Universe 7 Billion Years Ago cooled as Predicted, Landmark Study Confirms
Tokyo, Japan - In a breakthrough for cosmology, an international team of researchers has directly measured the temperature of the universe when it was approximately 7 billion years old, confirming predictions made by the standard model of cosmology. Utilizing the Atacama Large Millimeter/submillimeter Array (ALMA), the team observed the absorption of cosmic microwave background (CMB) radiation by hydrogen cyanide (HCN) gas, yielding a temperature of 10.2 Kelvin (-262.95°C or -443.31°F) at a redshift of 0.89. The findings, released by Keio university, provide a crucial benchmark for understanding the universe’s thermal history and testing the fundamental laws of physics across cosmic time.
This precise measurement represents the most distant direct temperature reading of the universe to date, offering a vital test of the assumption that the universe cools predictably as it expands. By analyzing the absorption spectra of HCN, researchers were able to determine both the optical depth and excitation temperature of the gas, ultimately revealing the CMB temperature at that specific point in cosmic history. The study demonstrates a reliable method for probing the early universe’s temperature, opening new avenues for investigating potential variations in physical constants over time.
The research team’s success hinges on observing quasars – extremely luminous active galactic nuclei - at high redshifts. As the CMB photons travel across vast cosmic distances, they interact with intervening gas clouds, leaving subtle absorption signatures in the quasar’s spectrum. Analyzing these signatures allows scientists to infer the temperature of the CMB at the time of interaction. The Keio University press release highlights that future observations targeting quasars at even higher redshifts, utilizing instruments like the Square Kilometre Array (SKA) and the next-generation Very Large Array (ngVLA), promise to extend this method further, improving sensitivity and expanding the range of measurable redshifts.
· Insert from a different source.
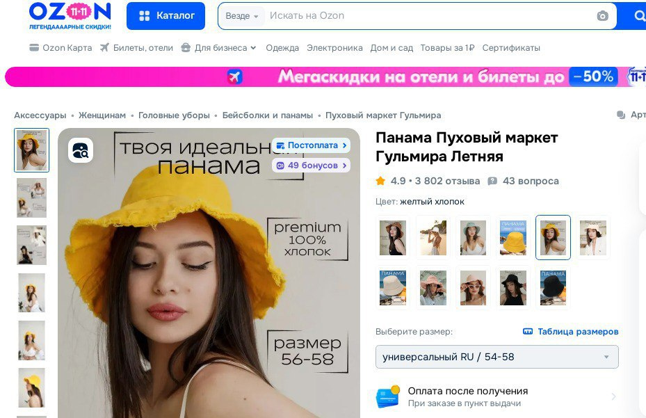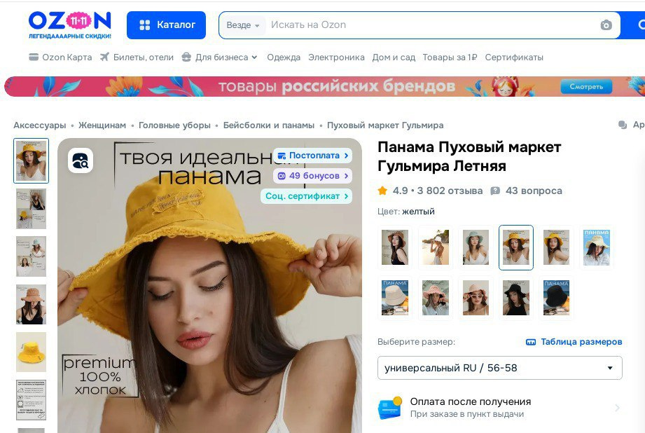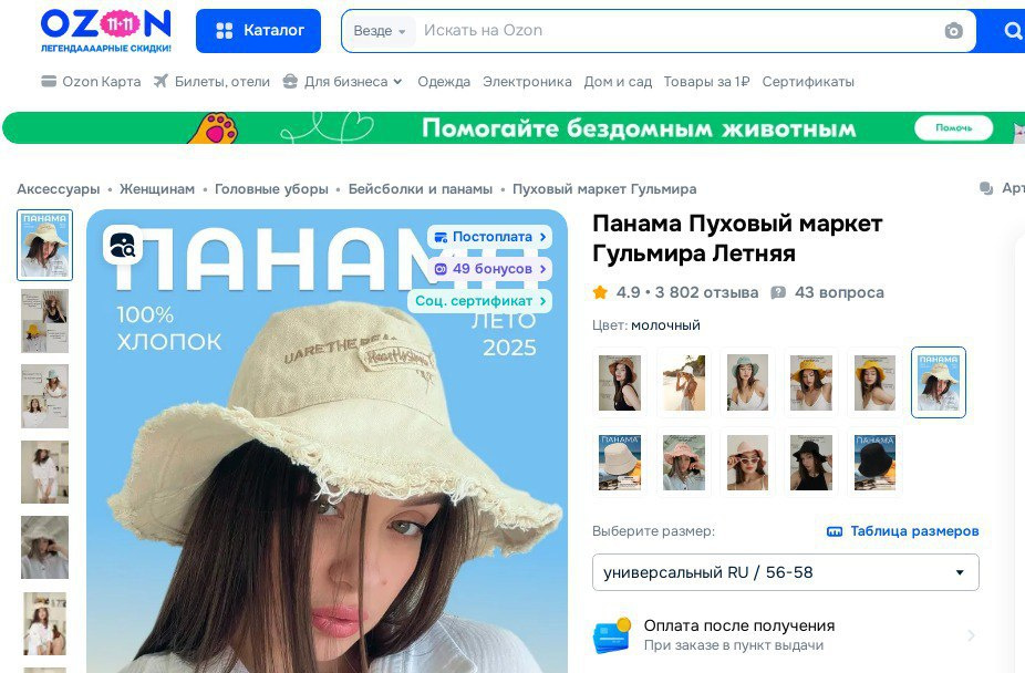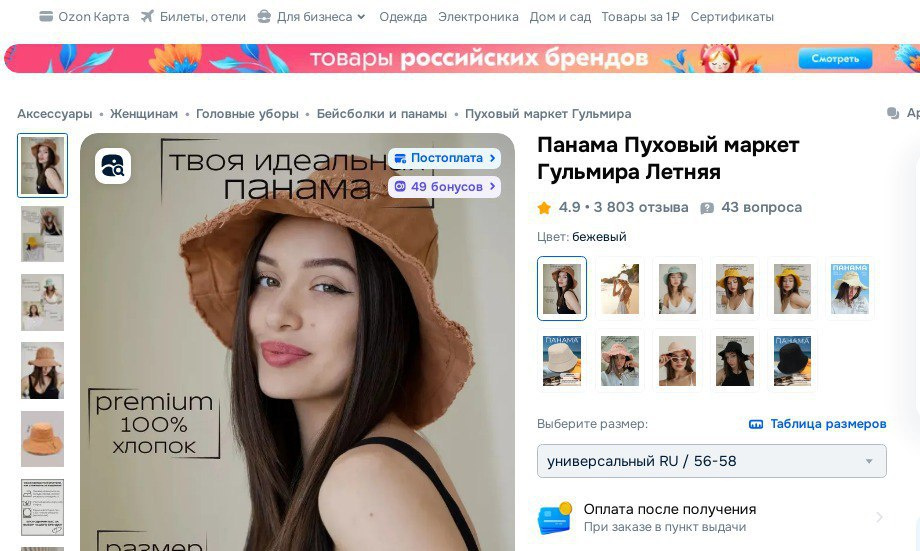 Продаем Карточки товаров на м/ ОЗОН. Тип - Панама летняя женская хлопок. В склейке 15 Артикулов. Высокомаржинальная ниша с быстрым стартом и окупаемостью.

This measurement at redshift 0.89 serves as a critical validation of the cosmological principle – the idea that the universe is homogeneous and isotropic on large scales – and reinforces the understanding that the universe’s cooling behavior aligns with theoretical predictions. The team’s work provides a solid foundation for future investigations into the evolution of the cosmos and the potential for uncovering new physics beyond the standard model.